Ask HN: Older friends being targeted by Google ads for funerals and cemeteries? - andrewstuart
Older friends of mine say they are constantly being targeted by Google ads for funerals and cemeteries.<p>Needless to say, they don&#x27;t like it.<p>They say they&#x27;ve tried to make it stop (I do not know how), but the ads keep coming back.<p>Is there anything they can do to stop it totally?
======
perl4ever
When I write something like "ad-tech is horrible shit" I get ads about a
mysterious alternative to toilet paper with a picture of the legs of a person
on a toilet.

When I GISed a historical church in the town where I grew up, I started
getting ambulance chaser ads "do you know these priests".

I don't think there's any way to make it stop.

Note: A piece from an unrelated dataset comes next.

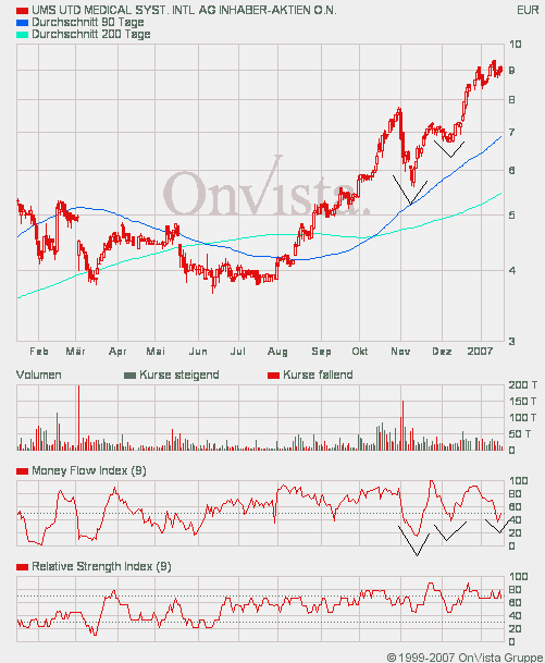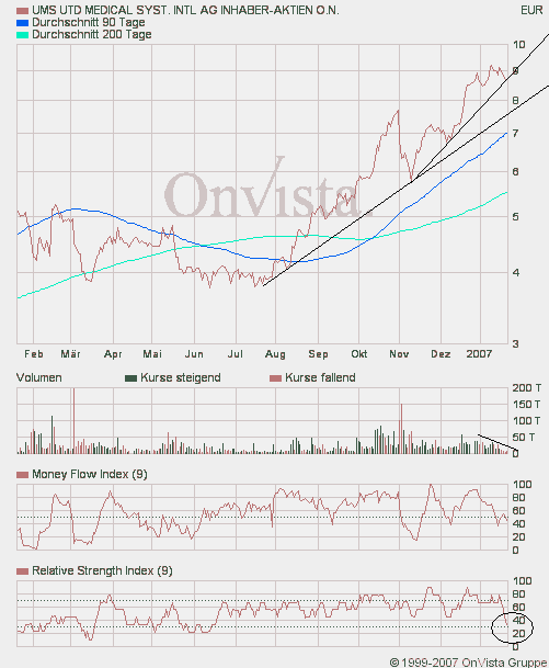 Für Alliance Imaging ergebe sich aktuell ein KGV 07 von 15. Angesichts des zweistelligen Umsatz- und Ergebniswachstums erscheine UMS mit einem KGV (2007) von derzeit 12,4 günstig bewertet. Bei Betrachtung der Industriegruppe Medizintechnik im deutschen Prime Standard würden sich für jene Unternehmen, für die Gewinnschätzungen zur Verfügung stünden (8 von 11 Branchenmitgliedern), ein KGV 07 zwischen 13,4 und 23,7 (Median bei 18,4) ergeben.

I've turned off a lot of things
on FB and Google, and gotten uBlock Origin but it's like patching a sieve hole
by hole, when you can't even tell if a whole new breach has opened up.

------
platinum1
Your friends can control their profiles, including seeing how their ads are
personalized, changing certain aspects of that personalization, or turning off
ad personalization totally, at
[http://adssettings.google.com](http://adssettings.google.com)

------
rshnotsecure
80% of the funeral homes in the US are controlled by Providence Equity. It is
likely them. [1]

I don't have the link, but the funeral home that had 100+ bodies piling up in
NYC a few weeks ago was theirs.

[1] - [https://provequity.com](https://provequity.com)

------
giantg2
I have a Pi-hole. That seems to block most ads.

"Needless to say, they don't like it." Why's that? It wouldn't bother me any
more than any other ad.

------
phobosanomaly
Why would older folks be targeted? Wouldn't it be their kids who would be the
ones you would want getting the ads?

Either way it's pretty dark stuff.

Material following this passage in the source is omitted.